Active freight rail runs through parts of Green Park. For most blocks the rail-only contribution is small. Combined road-plus-rail noise rarely exceeds road noise on its own. The exceptions are the handful of blocks within roughly a quarter mile of the right-of-way during pass-through hours.

Use the Rail toggle on the map above to isolate rail's contribution from road and aviation.

Airport Noise

St Louis Lambert International (STL) sits north of Green Park. The U.S. Department of Transportation models aviation noise around this airport from federal traffic data, and the model uses those federal measurements rather than synthetic predictions.

Blocks under the approach and departure paths carry combined road-plus-aviation noise, with some exceeding 65 dBA on the map's Overall layer. Blocks on the opposite side of Green Park, particularly to the south, show no measurable aviation contribution. Use the Aviation toggle on the map above to isolate the airport's footprint.

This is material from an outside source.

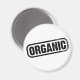 "Orgânico" desenhado em uma fonte angustiada em negrito em um retângulo arredondado encurralado, design é inclinado em um ângulo para dar a ele um tipo de impressão manual, ou como um design pode ser encontrado em um saco, então certamente parece a peça.
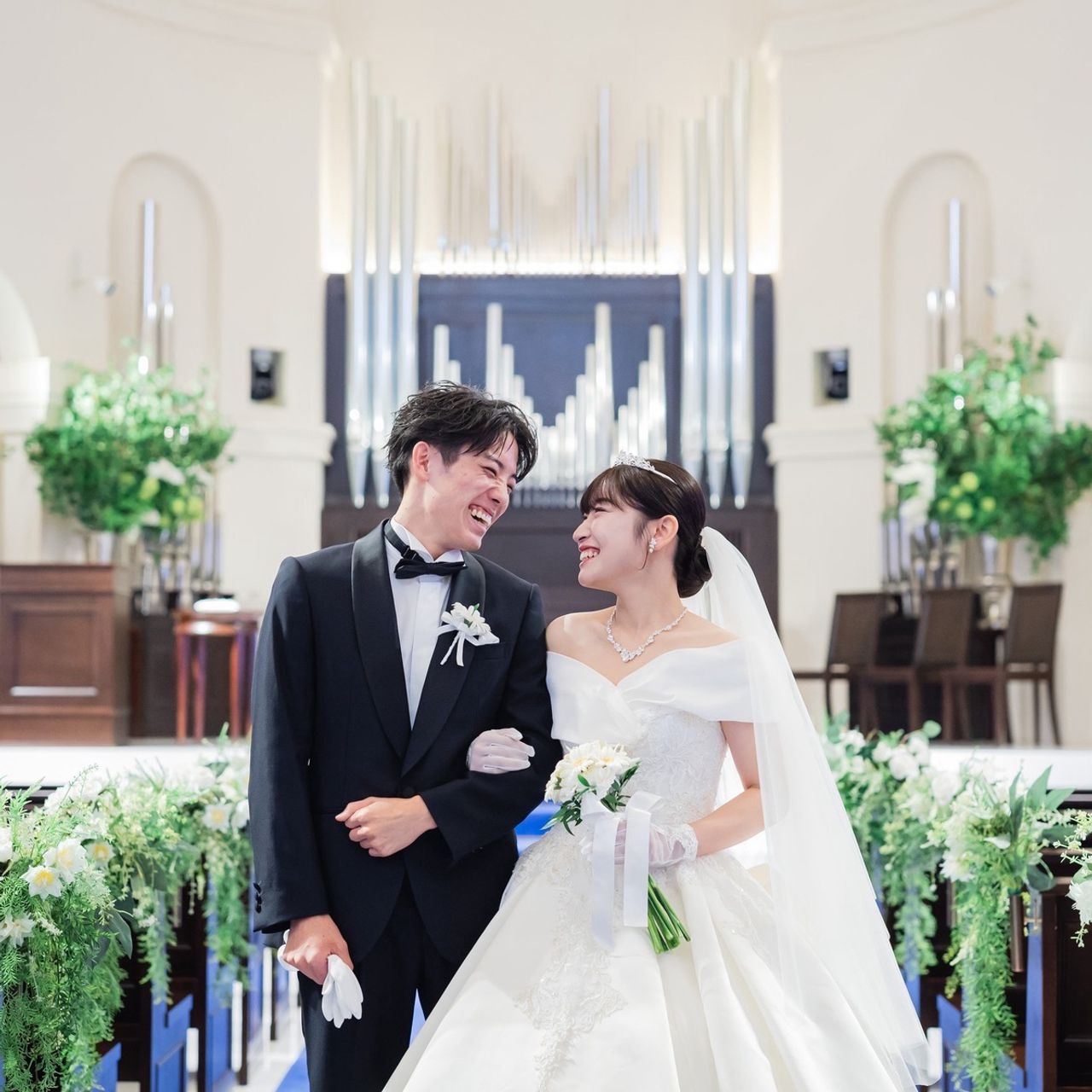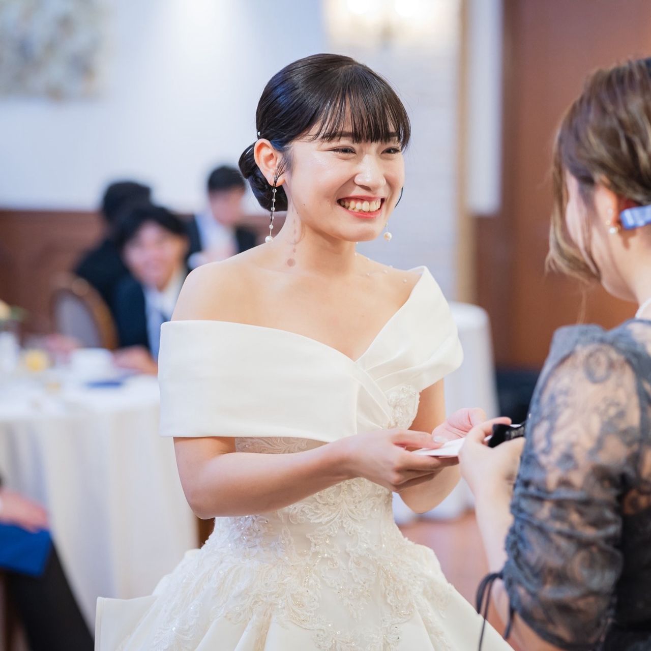 披露宴入場では、ネックレスを外し、揺れるタイプのパールイヤリングに変更しています。

How Noise Is Distributed Across Green Park

The bar chart below shows the share of Green Park residents in each noise band. About 2% of residents live below the EPA's 55 dBA threshold, and roughly 56% live in blocks above 60 dBA. Long-term exposure in that range is linked to elevated stress hormones and cardiovascular risk.

How Green Park Compares

Green Park sits the highest among the peer group. Below: how Green Park's average outdoor noise and share of residents above the EPA threshold compare with Frontenac, Northwoods, Normandy, and Rock Hill.

Average noise level (dBA)

Green Park's 66.5 dBA pop-weighted average is the highest among the peer group. Missouri as a whole averages 53.9 dBA and the U.S. averages 52.0 dBA. Both are lower than Green Park because most of either area is rural land away from major roads.

Share of residents above 55 dBA

About 52.8% of Green Park residents live in blocks where outdoor levels exceed the EPA's 55 dBA threshold. That's in the middle of its peer group. Measured by land area instead, 58.5% of Green Park's footprint sits above 55 dBA, against a Missouri average of 32.5% and a national average of 28.1%.

What This Means if You're Moving to Green Park

  • Distance from highways matters more than the neighborhood name. Two homes in the same zip code can differ by 20 dBA if one sits 100 meters from Green Park Rd and the other 500 meters away. The model captures this at 100-meter resolution, so noise exposure changes block by block.
  • Tree canopy can help reduce modeled noise exposure. Roughly 30% of Green Park is under tree cover (about average for cities), and the dominant land cover is low-intensity developed land. Both are measured from federal USDA Forest Service and USGS satellite imagery at 30-meter resolution. Streets with 60% or higher canopy show 3 to 5 dBA lower noise than comparable streets with bare ground or pavement, which is why the per-place decay rate above already accounts for it.
  • Airport noise is directional. St Louis Lambert International's approach paths concentrate aviation noise to the north. Neighborhoods to the south of downtown show no measurable contribution from the airport.

Sources & Methodology

The BestNeighborhood noise model is calibrated against nearly one million federal ground-truth measurements across four states. Road noise is computed from segment-level federal traffic data and propagated outward using physics-based acoustic decay, with attenuation rates that depend on the surrounding land cover.

Federal datasets used:

FHWA Highway Performance Monitoring System: road geometry, traffic counts, lane configuration
U.S. DoT Bureau of Transportation Statistics National Transportation Noise Map: aviation and rail noise, road calibration ground truth
USGS / MRLC National Land Cover Database: land cover and impervious surface coverage
USDA Forest Service Tree Canopy Cover: vegetation density for sound propagation
U.S. Census Bureau TIGER/Line: block-level geography and population
U.S. EPA Levels Document: 55 dBA outdoor reference level

All inputs are published federal datasets. Block-level noise is computed by combining road, rail, and aviation sound sources in the energy domain, the same physics used in professional environmental noise assessments. Read the full methodology.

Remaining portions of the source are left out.